Giuseppe Ligato, Sibilla regina crociata. Guerra, amore e diplomazia
per il trono di Gerusalemme, Bruno Mondadori, Milano, 2005,
rec. di Elena Necchi
Il saggio di Giuseppe Ligato, studioso di storia delle crociate, del
regno latino di Gerusalemme e degli ordini cavallereschi, segue il recentissimo
La croce in catene. Prigionieri e ostaggi cristiani nella guerra di
Saladino (1169-1193), Centro italiano di studi sull’alto medioevo,
Spoleto, 2005. Protagonista delle vicende storiche esaminate è
Sibilla, regina di Gerusalemme dal 1186 al 1190, la quale, in una società
dominata dallo strapotere maschile, dà prova di grande coraggio
nell’assunzione di responsabilità allora riservate al sesso
maschile.

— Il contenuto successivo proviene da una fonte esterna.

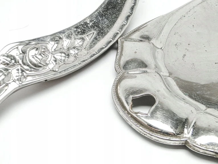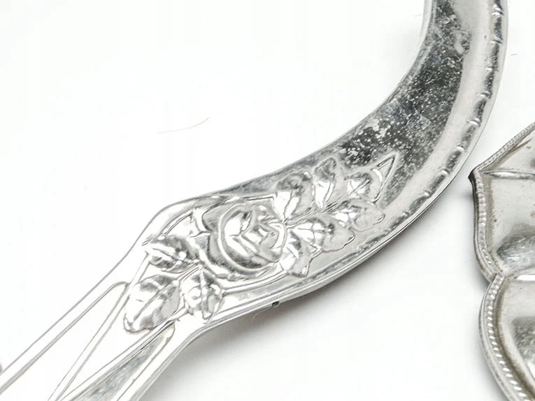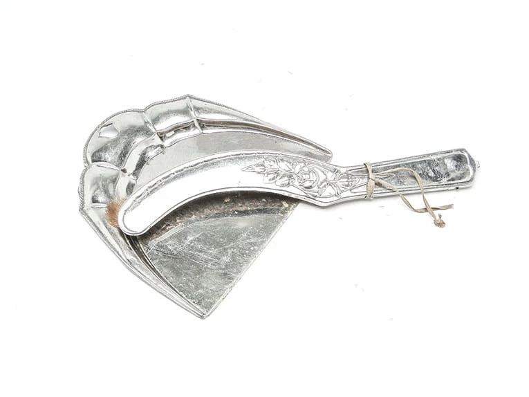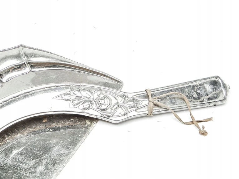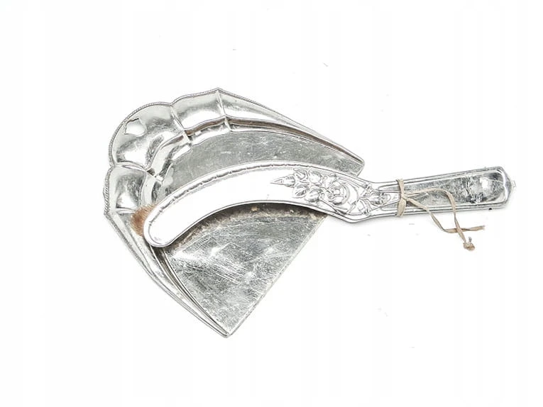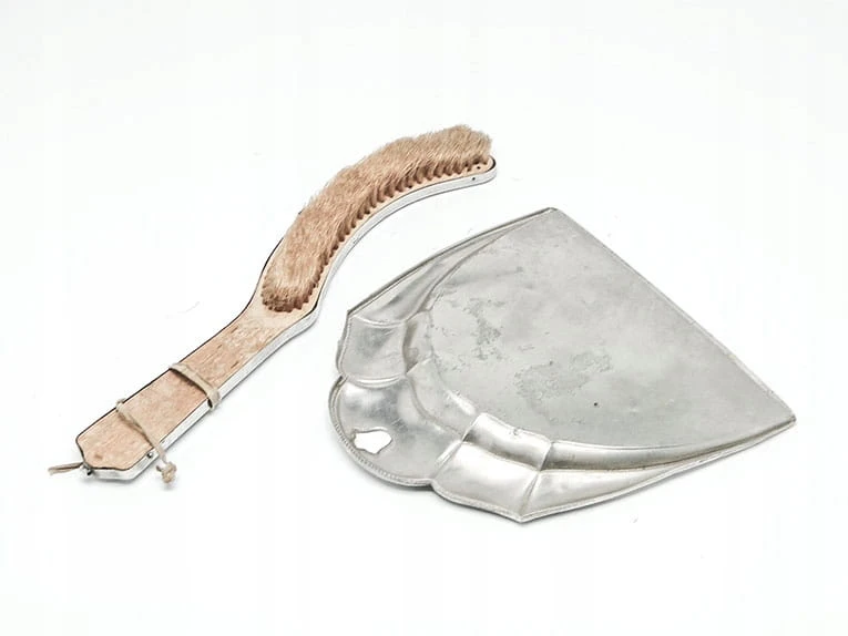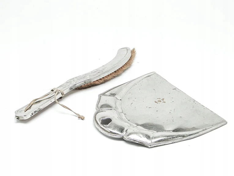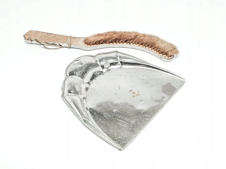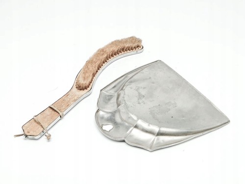 Mosiężna szufelka ze zmiotką w stylu secesyjnym.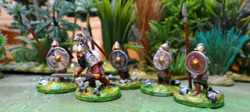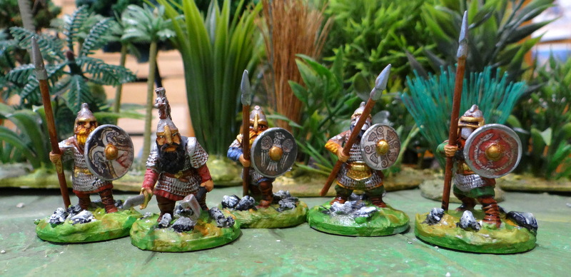 Voilà Gaston « côtes en long » et son équipe de gardes de la forteresse. Ma foi, pour des nains ils sont aussi grands que certaines figurines en 25 mm comme les Foundry. Trapus, ils donnent cependant une bonne image de nains tolkieniques. Je suppose que leur taille est en rapport avec celle des autres ethnies de la série (gnomes, gobelins, elfes etc .)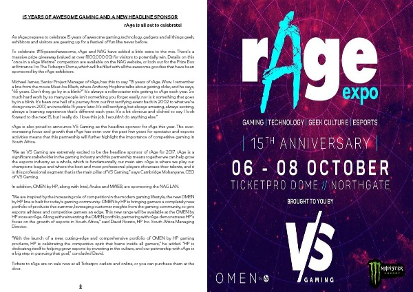 rAge is also proud to announce VS Gaming as the headline sponsor for rAge this year. The ever-increasing focus and growth that rAge has seen over the past few years for spectator and esports activities means that this partnership will further highlight the importance of competitive gaming in South Africa.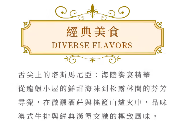 斟上一杯陽光與泥土的詩,在葡萄藤蔓下 與時光對飲。走進莊園,讓味蕾在酒間慢 舞,這不只是品酒,而是在微醺的琥珀色 光影裡,遇見塔斯馬尼亞的靈魂。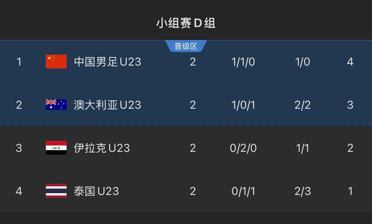 考虑到小组赛最后一场的对手是目前组内垫底的泰国队,因此中国队不仅有着很大的晋级概率,甚至有希望能够以小组头名晋级淘汰赛。从积分形式上来看,主动权完全掌握在国足U23自己手中。最后一场对阵泰国队,只要能够保持不败即可顺利晋级淘汰赛。毕竟中国队第3场只要再拿一分,那么无论澳大利亚队和伊拉克队的战果如何?男足都将锁定小组前二的位置。而如果能够顺利在泰国队身上拿下三分的话,那么男足就将以7分强势锁定小组第一。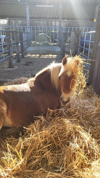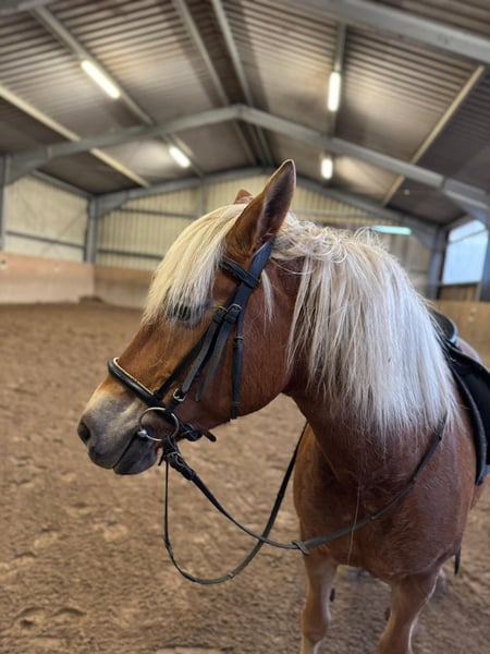 Ich hatte gehofft, mit meiner Haflingerstute Shakti (St. Alhamine) alt zu werden, aber ich kann ihr aus gesundheitlichen Gründen nicht mehr gerecht werden und muss sie deshalb verkaufen. Shakti ist ein großrahmiger (ca. 153cm) Dunkelfuchs, geboren am 20. 4. 2012 im Gestüt Hürtgenwald. Ich besitze Shakti seit 8 Jahren und habe sie mir zu einem verlässlichen Geländepferd herangezogen, mit dem ich bis zum letzten Winter täglich zwei- bis dreistündig alleine im Gelände unterwegs war. Shakti hat einen hohen Bewegungsdrang und geht fleißig vorwärts. Sie ist aufmerksam und erwartet von ihrem Reiter klare Ansagen, wenn sie etwas entdeckt hat, das sie beunruhigt. Danach meistert sie die Herausforderung souverän. Shakti kennt auch Ausritte mit anderen Pferden und geht dabei in jeder Position. Da sie neugierig und intelligent ist, arbeitet sie auch in gelegentlichen Dressur-und Springstunden gerne mit und freut sich über jede neue Anregung. Sie lernt schnell und ist stolz darauf Gelerntes vorzuführen. Shakti ist im Umgang absolut brav und kooperativ, Tierarzt und Hufbearbeitung sind kein Problem. Sie ist gerne mit Menschen zusammen und möchte gelobt werden, ist jedoch zu lebhaft, zu intelligent und zu sensibel, um ein Kinder-oder Anfängerpferd zu sein. In der Weidegruppe ist mein Pferd freundlich und niedrigrangig. Shakti ist gesund, hat aber so schlechtes Hufhorn, dass ein Beschlag absolut nicht möglich ist. Sie geht seit mehreren Jahren unsere langen Distanzen gut mit Hufschuhen, wobei eine regelmäßige fachlich korrekte Hufbearbeitung nötig ist. Im Winter steht sie in einer Einzelbox mit Paddock und hat keine Probleme mit Paddockmatten; der 24-stündige Weidegang von Mai bis Ende Oktober ist ebenfalls barfuß problemlos möglich. Shakti soll in eine artgerechte Haltung kommen, die ihr als rangniedrigem Pferd ermöglicht in Ruhe zu fressen und zu schlafen. Ich wünsche mir für mein Pferd einen Menschen mit Erfahrung in der Pferdehaltung und im Reiten im Gelände, der sich freut mit ihr aktiv Zeit zu verbringen und der ihr eine Lebensstellung bieten kann. Ein Western- und/oder Dressursattel kann gegen zusätzliche Gebühr übernommen werden. Preisvorstellung: € 5000 (VB) Es gilt Platz vor Preis.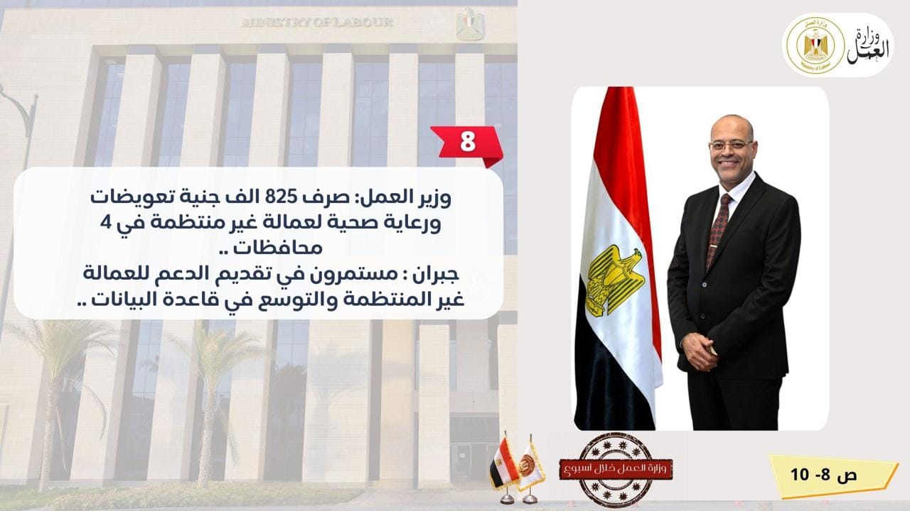 وفي نفس سياق دعم العمالة غير المنتظمة، أعلن وزير العمل عن الموافقة على صرف مبلغ 825 الف جنية تعويضات لأسر 4 من العمالة غير منتظمة تعرضوا للوفاة أثناء العمل،في 3 محافظات هي، الغربية، وبني سويف، والجيزة، وذلك بواقع 200 ألف جنيه لكل متوفي، من بند المنحة المستحدثة في الحساب المركزي للعمالة غير المنتظمة بالوزارة.

L’accostamento a questo singolare personaggio consente
parte di sfatare il topos del "Medioevo maschio", per citare
un celebre saggio di Georges Duby .
L’esame di prima mano di una notevole quantità di fonti
permette di sfatare i pregiudizi sorti intorno alla figura della nostra
eroina: se negli elogi coevi viene genericamente definita come "degna
donna", "buona regina" o "valorosa donna",
in generale la si è ritenuta responsabile della rovina abbattutasi
sul regno crociato nel 1187; anche gli studiosi moderni non le hanno
risparmiato strali. René Grousset l’ha definita come una
tête folle , mentre la storica Régine Pernoud le ha rimproverato
un carattere estremamente volubile . Sibilla può essere invece
additata come un eccezionale esempio della volontà di superare
determinati stereotipi sociali, tanto più stretti quanto più
alto era il rango di appartenenza, nello sforzo non comune di unire
desiderio di potere e sincero amore coniugale , in un contesto politico
e sociale estremamente variegato e incandescente , caratterizzato dalla
quasi totale assenza di iniziativa da parte degli uomini che avrebbero
dovuto lottare per la difesa del regno e della cristianità latina
allora sottoposti alla minaccia da parte delle truppe islamiche del
sultano Saladino. Le sue scelte sentimentali ne riabilitano la figura,
facendocela apparire come una donna capace di sostenere fino all’ultimo
una fiera lotta in difesa dei propri diritti e del proprio amore.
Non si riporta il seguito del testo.